## AVAILABLE RECORDS
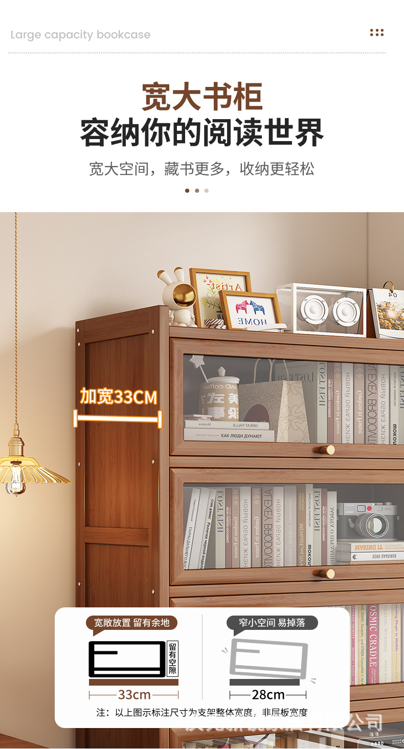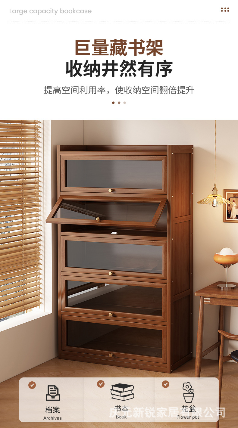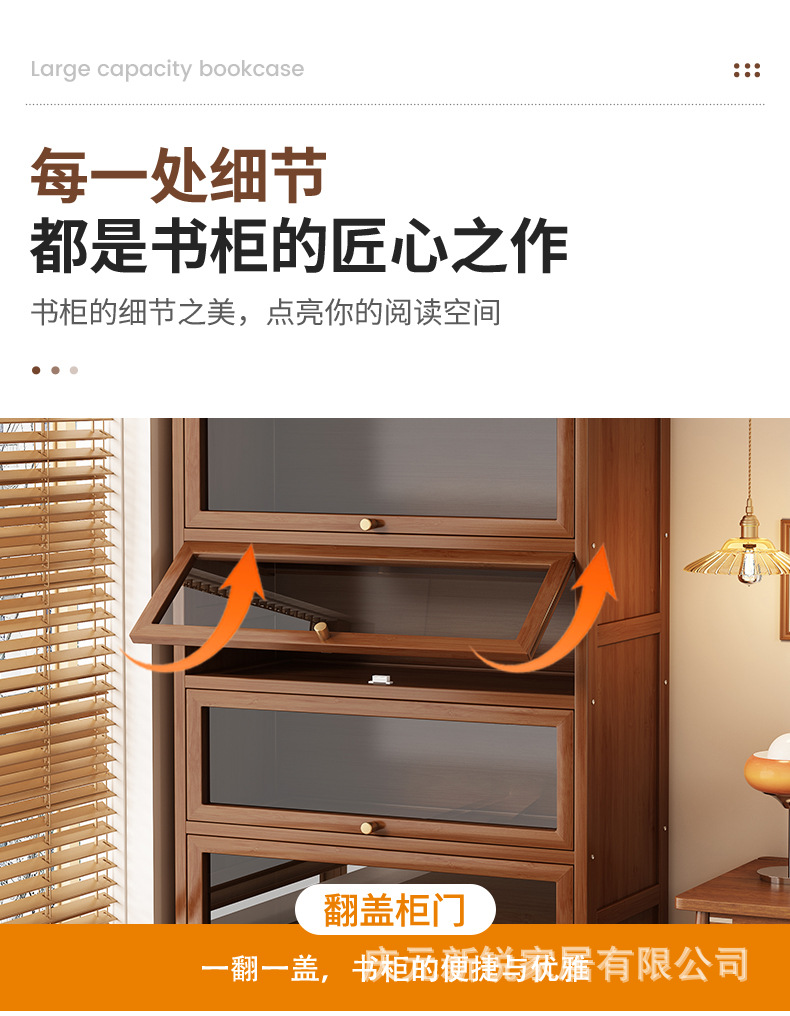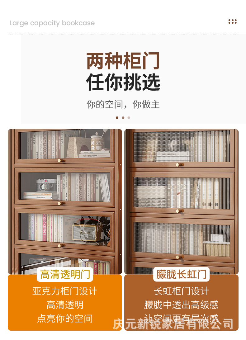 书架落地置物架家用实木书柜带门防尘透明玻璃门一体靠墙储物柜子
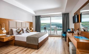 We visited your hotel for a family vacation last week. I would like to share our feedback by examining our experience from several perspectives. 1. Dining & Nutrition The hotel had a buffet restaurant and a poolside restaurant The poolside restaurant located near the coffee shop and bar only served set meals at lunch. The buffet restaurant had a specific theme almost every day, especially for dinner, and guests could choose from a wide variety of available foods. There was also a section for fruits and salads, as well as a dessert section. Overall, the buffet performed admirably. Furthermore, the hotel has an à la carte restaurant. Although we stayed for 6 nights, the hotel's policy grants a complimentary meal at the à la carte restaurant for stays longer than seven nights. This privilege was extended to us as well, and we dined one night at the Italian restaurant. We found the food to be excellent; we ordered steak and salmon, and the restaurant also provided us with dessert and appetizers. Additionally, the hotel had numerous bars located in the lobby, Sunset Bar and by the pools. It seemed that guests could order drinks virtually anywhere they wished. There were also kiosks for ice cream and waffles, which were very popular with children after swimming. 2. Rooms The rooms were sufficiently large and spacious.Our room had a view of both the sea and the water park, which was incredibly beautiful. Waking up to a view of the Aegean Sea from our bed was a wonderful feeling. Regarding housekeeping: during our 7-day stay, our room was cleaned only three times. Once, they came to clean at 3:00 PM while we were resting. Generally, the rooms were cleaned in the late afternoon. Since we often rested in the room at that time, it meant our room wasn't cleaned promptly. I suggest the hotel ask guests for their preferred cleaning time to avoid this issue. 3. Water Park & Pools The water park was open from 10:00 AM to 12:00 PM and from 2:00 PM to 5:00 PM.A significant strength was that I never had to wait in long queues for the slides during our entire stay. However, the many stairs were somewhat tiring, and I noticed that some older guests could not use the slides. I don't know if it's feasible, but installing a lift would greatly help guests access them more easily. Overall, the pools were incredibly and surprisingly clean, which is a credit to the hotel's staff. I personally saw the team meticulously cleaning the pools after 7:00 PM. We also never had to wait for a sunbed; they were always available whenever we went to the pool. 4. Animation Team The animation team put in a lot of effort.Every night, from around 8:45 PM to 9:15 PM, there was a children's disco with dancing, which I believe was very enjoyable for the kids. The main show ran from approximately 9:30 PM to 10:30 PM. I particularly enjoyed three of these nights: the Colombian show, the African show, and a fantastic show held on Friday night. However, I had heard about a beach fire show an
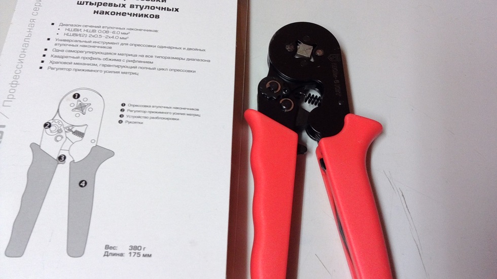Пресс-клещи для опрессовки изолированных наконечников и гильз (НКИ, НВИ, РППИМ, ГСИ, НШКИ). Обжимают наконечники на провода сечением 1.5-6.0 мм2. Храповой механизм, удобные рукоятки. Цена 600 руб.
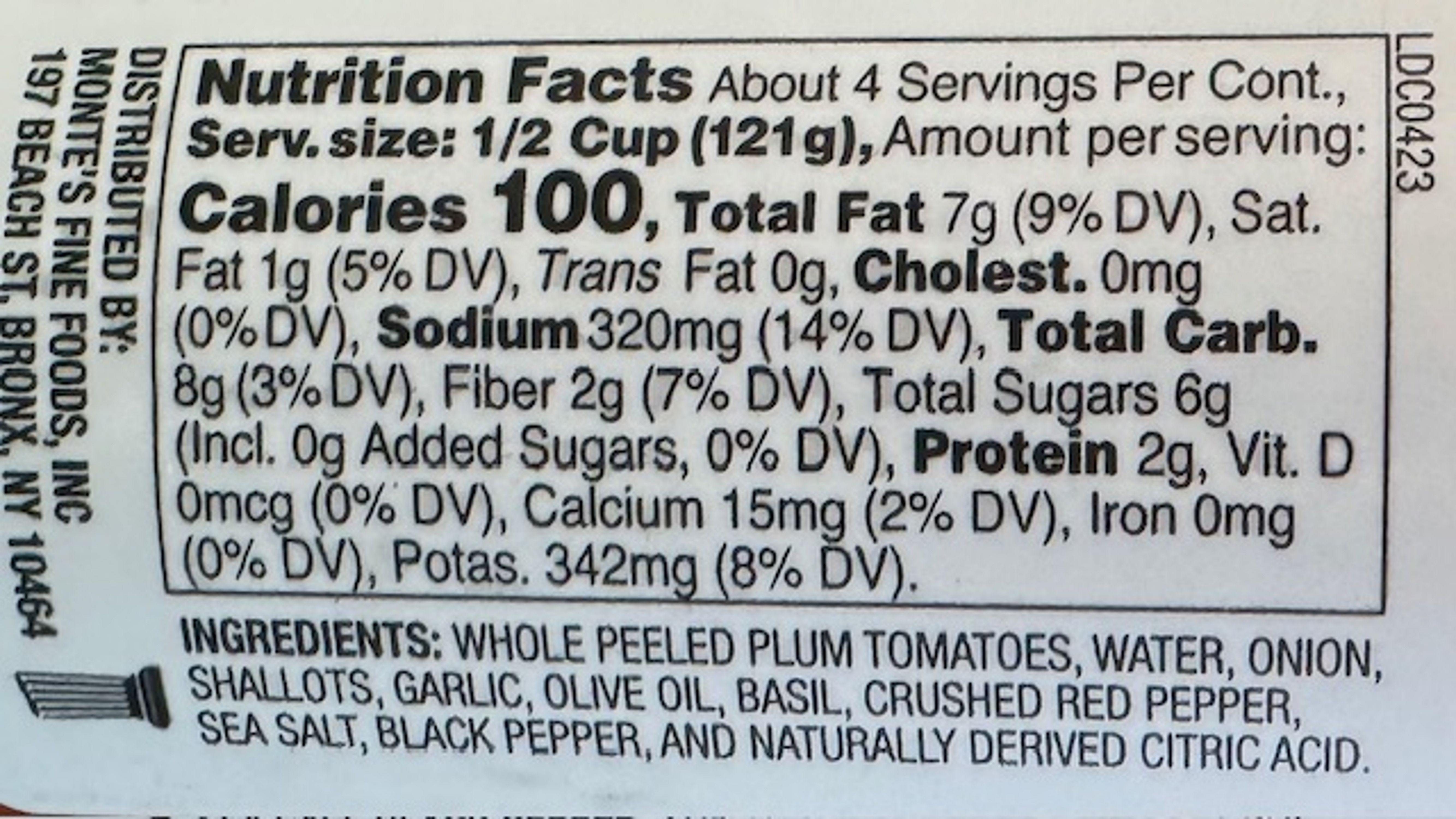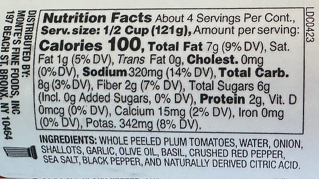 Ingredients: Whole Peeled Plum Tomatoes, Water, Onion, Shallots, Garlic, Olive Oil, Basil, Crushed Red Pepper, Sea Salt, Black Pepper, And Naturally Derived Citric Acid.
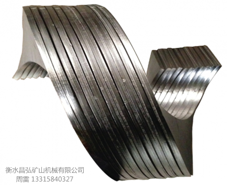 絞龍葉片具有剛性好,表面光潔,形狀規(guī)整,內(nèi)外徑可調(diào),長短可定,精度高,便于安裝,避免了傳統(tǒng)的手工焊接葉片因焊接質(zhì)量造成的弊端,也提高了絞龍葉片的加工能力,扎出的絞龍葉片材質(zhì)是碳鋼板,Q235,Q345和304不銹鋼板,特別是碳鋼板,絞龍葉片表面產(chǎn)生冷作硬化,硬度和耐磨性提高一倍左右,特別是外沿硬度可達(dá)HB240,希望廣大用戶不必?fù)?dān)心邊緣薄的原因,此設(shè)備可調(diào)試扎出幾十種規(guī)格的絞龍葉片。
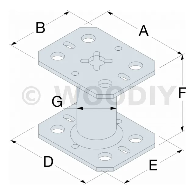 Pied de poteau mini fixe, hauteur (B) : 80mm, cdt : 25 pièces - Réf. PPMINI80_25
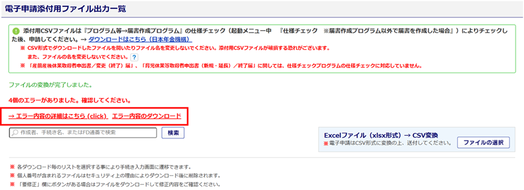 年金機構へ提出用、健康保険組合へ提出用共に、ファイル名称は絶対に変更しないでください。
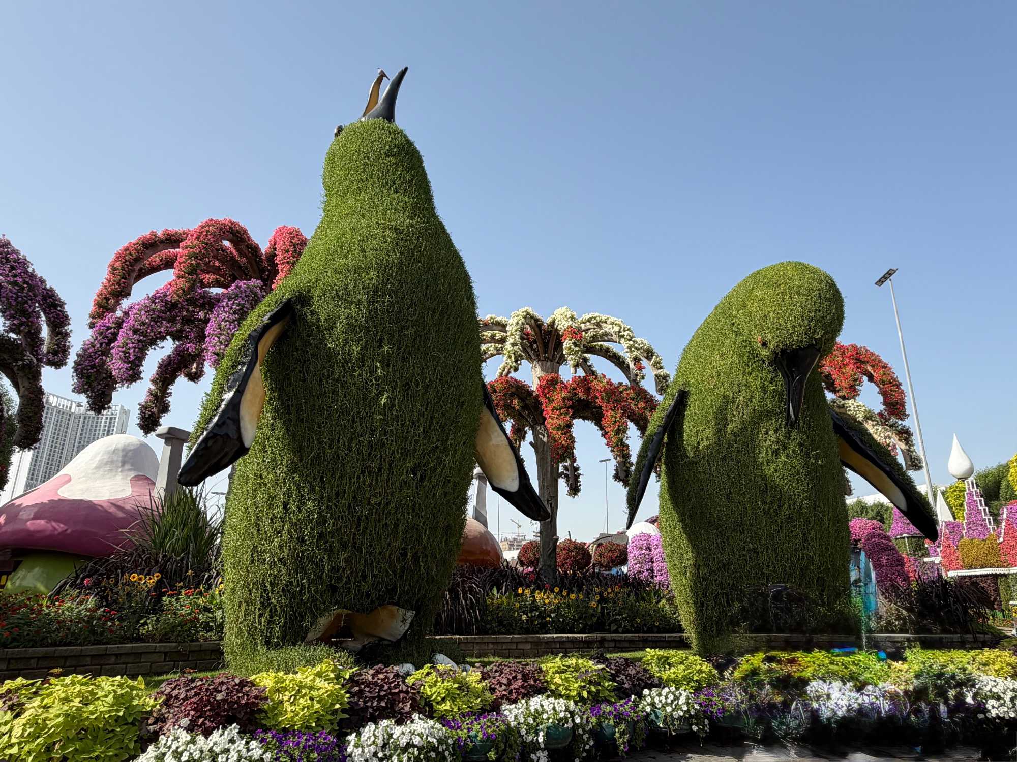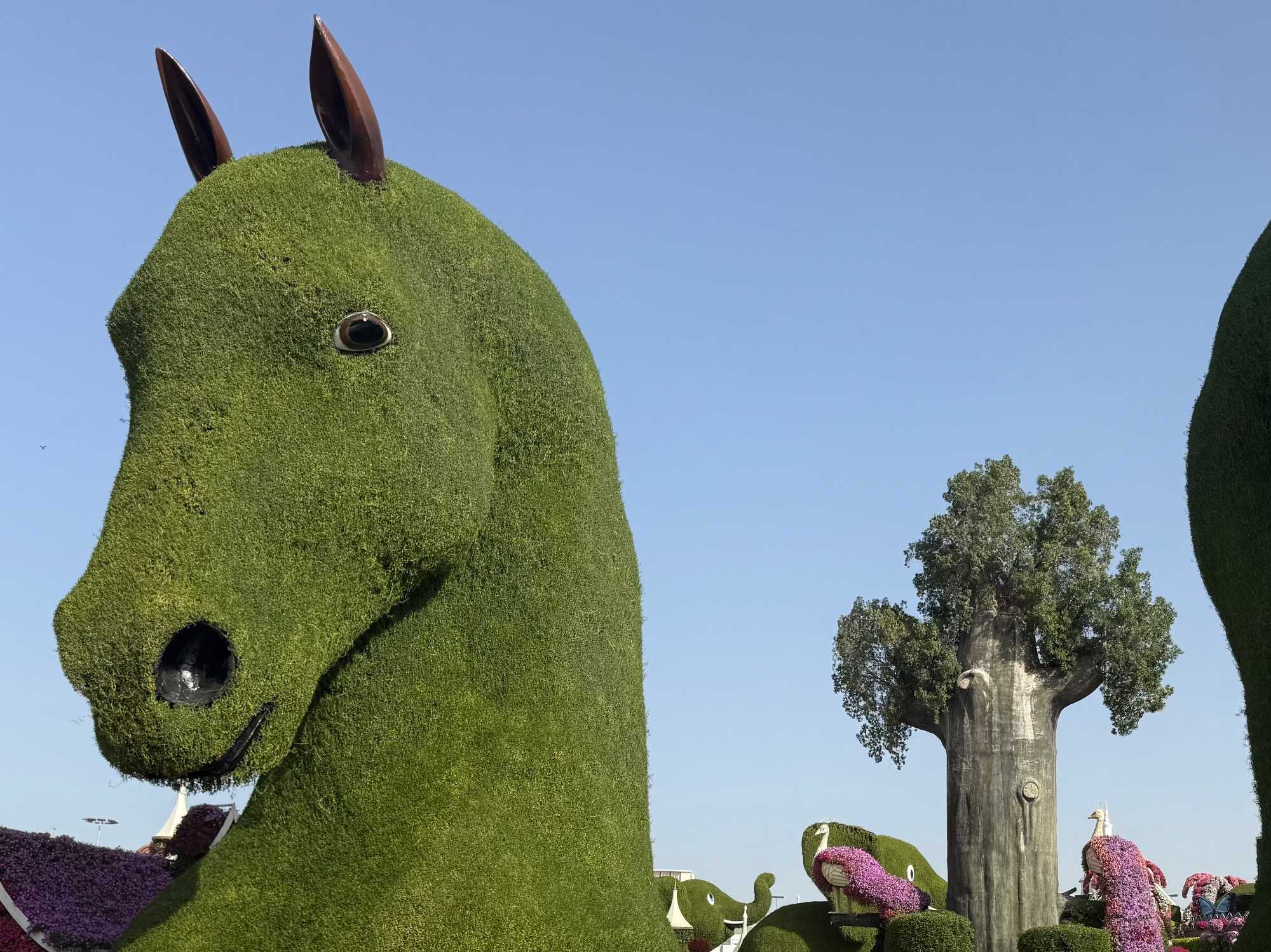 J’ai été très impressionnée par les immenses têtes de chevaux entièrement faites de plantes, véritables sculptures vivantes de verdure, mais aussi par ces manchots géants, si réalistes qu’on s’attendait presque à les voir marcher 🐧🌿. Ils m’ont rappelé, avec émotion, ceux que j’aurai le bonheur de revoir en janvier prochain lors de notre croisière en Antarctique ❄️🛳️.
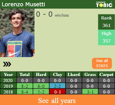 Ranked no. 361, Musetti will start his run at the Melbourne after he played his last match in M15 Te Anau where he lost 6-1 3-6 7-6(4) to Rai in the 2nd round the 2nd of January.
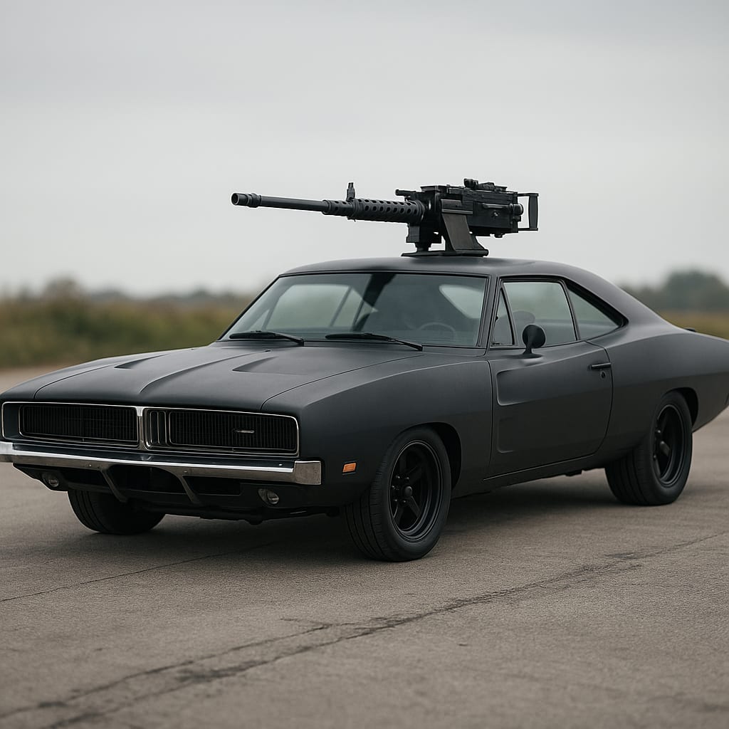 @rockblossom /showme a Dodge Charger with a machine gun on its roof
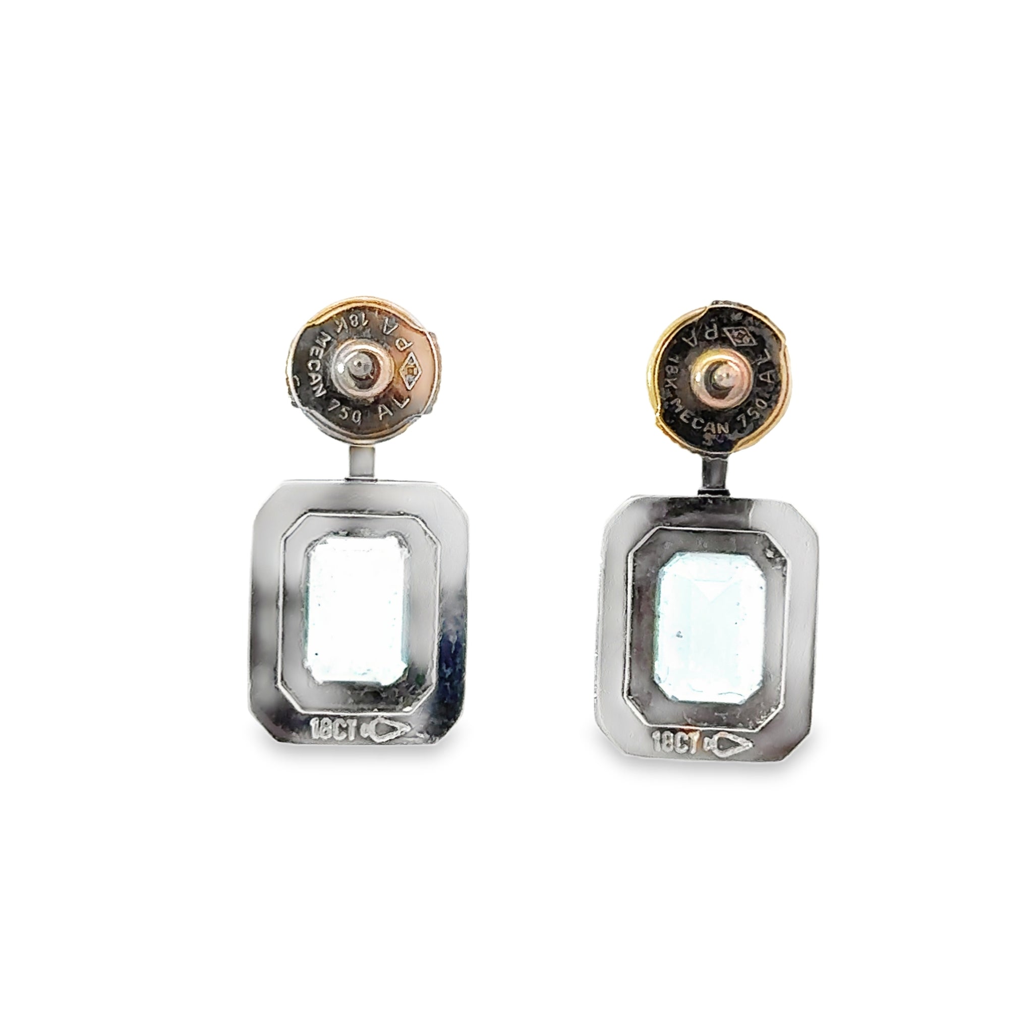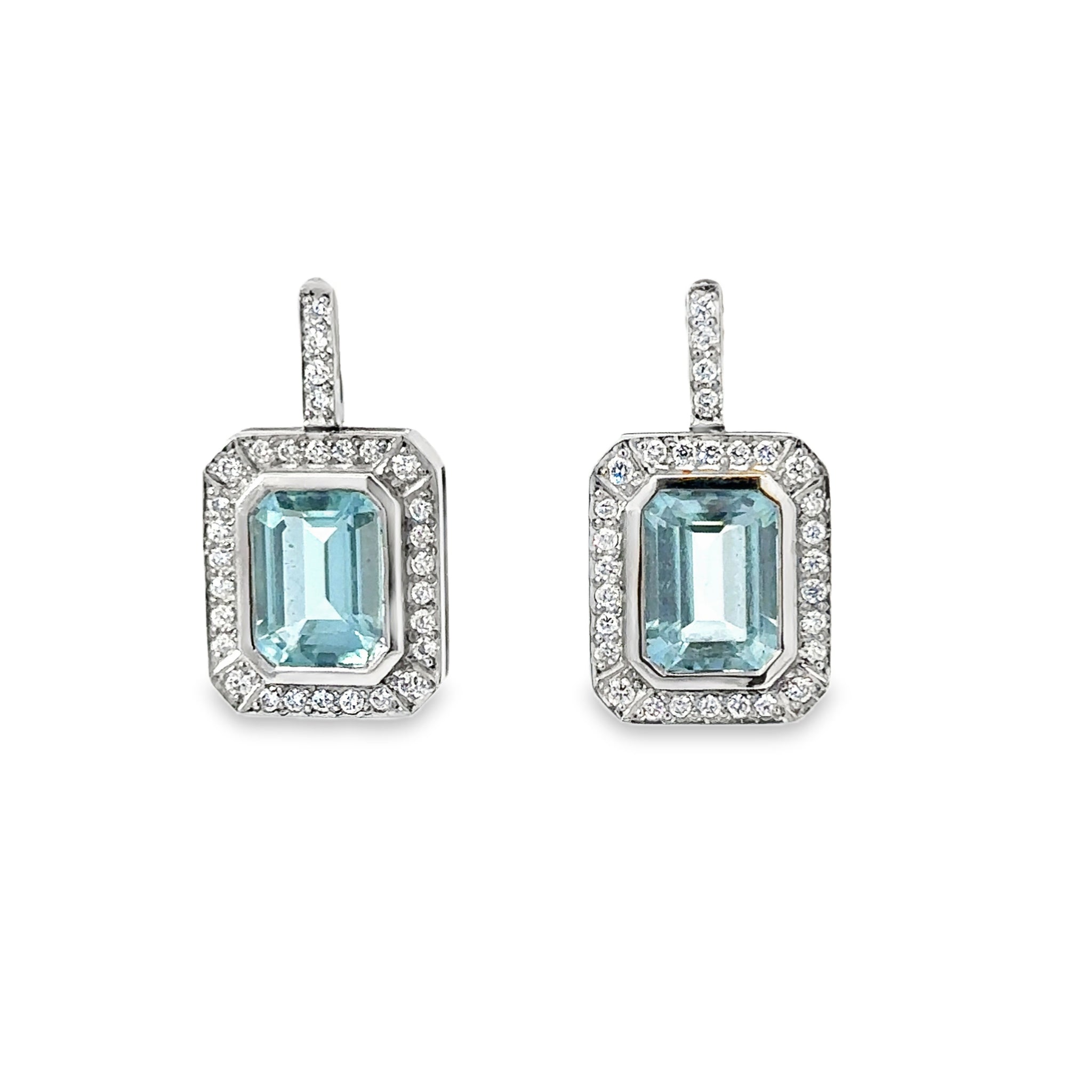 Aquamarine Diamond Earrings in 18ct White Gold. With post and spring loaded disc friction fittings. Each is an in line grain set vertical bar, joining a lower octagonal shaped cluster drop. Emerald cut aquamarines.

## PROMPT
Transcribe the material above in full. No picture is to be copied.

## TASK RESULT
 书架落地置物架家用实木书柜带门防尘透明玻璃门一体靠墙储物柜子
 We visited your hotel for a family vacation last week. I would like to share our feedback by examining our experience from several perspectives. 1. Dining & Nutrition The hotel had a buffet restaurant and a poolside restaurant The poolside restaurant located near the coffee shop and bar only served set meals at lunch. The buffet restaurant had a specific theme almost every day, especially for dinner, and guests could choose from a wide variety of available foods. There was also a section for fruits and salads, as well as a dessert section. Overall, the buffet performed admirably. Furthermore, the hotel has an à la carte restaurant. Although we stayed for 6 nights, the hotel's policy grants a complimentary meal at the à la carte restaurant for stays longer than seven nights. This privilege was extended to us as well, and we dined one night at the Italian restaurant. We found the food to be excellent; we ordered steak and salmon, and the restaurant also provided us with dessert and appetizers. Additionally, the hotel had numerous bars located in the lobby, Sunset Bar and by the pools. It seemed that guests could order drinks virtually anywhere they wished. There were also kiosks for ice cream and waffles, which were very popular with children after swimming. 2. Rooms The rooms were sufficiently large and spacious.Our room had a view of both the sea and the water park, which was incredibly beautiful. Waking up to a view of the Aegean Sea from our bed was a wonderful feeling. Regarding housekeeping: during our 7-day stay, our room was cleaned only three times. Once, they came to clean at 3:00 PM while we were resting. Generally, the rooms were cleaned in the late afternoon. Since we often rested in the room at that time, it meant our room wasn't cleaned promptly. I suggest the hotel ask guests for their preferred cleaning time to avoid this issue. 3. Water Park & Pools The water park was open from 10:00 AM to 12:00 PM and from 2:00 PM to 5:00 PM.A significant strength was that I never had to wait in long queues for the slides during our entire stay. However, the many stairs were somewhat tiring, and I noticed that some older guests could not use the slides. I don't know if it's feasible, but installing a lift would greatly help guests access them more easily. Overall, the pools were incredibly and surprisingly clean, which is a credit to the hotel's staff. I personally saw the team meticulously cleaning the pools after 7:00 PM. We also never had to wait for a sunbed; they were always available whenever we went to the pool. 4. Animation Team The animation team put in a lot of effort.Every night, from around 8:45 PM to 9:15 PM, there was a children's disco with dancing, which I believe was very enjoyable for the kids. The main show ran from approximately 9:30 PM to 10:30 PM. I particularly enjoyed three of these nights: the Colombian show, the African show, and a fantastic show held on Friday night. However, I had heard about a beach fire show an
Пресс-клещи для опрессовки изолированных наконечников и гильз (НКИ, НВИ, РППИМ, ГСИ, НШКИ). Обжимают наконечники на провода сечением 1.5-6.0 мм2. Храповой механизм, удобные рукоятки. Цена 600 руб.
 Ingredients: Whole Peeled Plum Tomatoes, Water, Onion, Shallots, Garlic, Olive Oil, Basil, Crushed Red Pepper, Sea Salt, Black Pepper, And Naturally Derived Citric Acid.
 絞龍葉片具有剛性好,表面光潔,形狀規(guī)整,內(nèi)外徑可調(diào),長短可定,精度高,便于安裝,避免了傳統(tǒng)的手工焊接葉片因焊接質(zhì)量造成的弊端,也提高了絞龍葉片的加工能力,扎出的絞龍葉片材質(zhì)是碳鋼板,Q235,Q345和304不銹鋼板,特別是碳鋼板,絞龍葉片表面產(chǎn)生冷作硬化,硬度和耐磨性提高一倍左右,特別是外沿硬度可達(dá)HB240,希望廣大用戶不必?fù)?dān)心邊緣薄的原因,此設(shè)備可調(diào)試扎出幾十種規(guī)格的絞龍葉片。
 Pied de poteau mini fixe, hauteur (B) : 80mm, cdt : 25 pièces - Réf. PPMINI80_25
 年金機構へ提出用、健康保険組合へ提出用共に、ファイル名称は絶対に変更しないでください。
 J’ai été très impressionnée par les immenses têtes de chevaux entièrement faites de plantes, véritables sculptures vivantes de verdure, mais aussi par ces manchots géants, si réalistes qu’on s’attendait presque à les voir marcher 🐧🌿. Ils m’ont rappelé, avec émotion, ceux que j’aurai le bonheur de revoir en janvier prochain lors de notre croisière en Antarctique ❄️🛳️.
 Ranked no. 361, Musetti will start his run at the Melbourne after he played his last match in M15 Te Anau where he lost 6-1 3-6 7-6(4) to Rai in the 2nd round the 2nd of January.
 @rockblossom /showme a Dodge Charger with a machine gun on its roof
 Aquamarine Diamond Earrings in 18ct White Gold. With post and spring loaded disc friction fittings. Each is an in line grain set vertical bar, joining a lower octagonal shaped cluster drop. Emerald cut aquamarines.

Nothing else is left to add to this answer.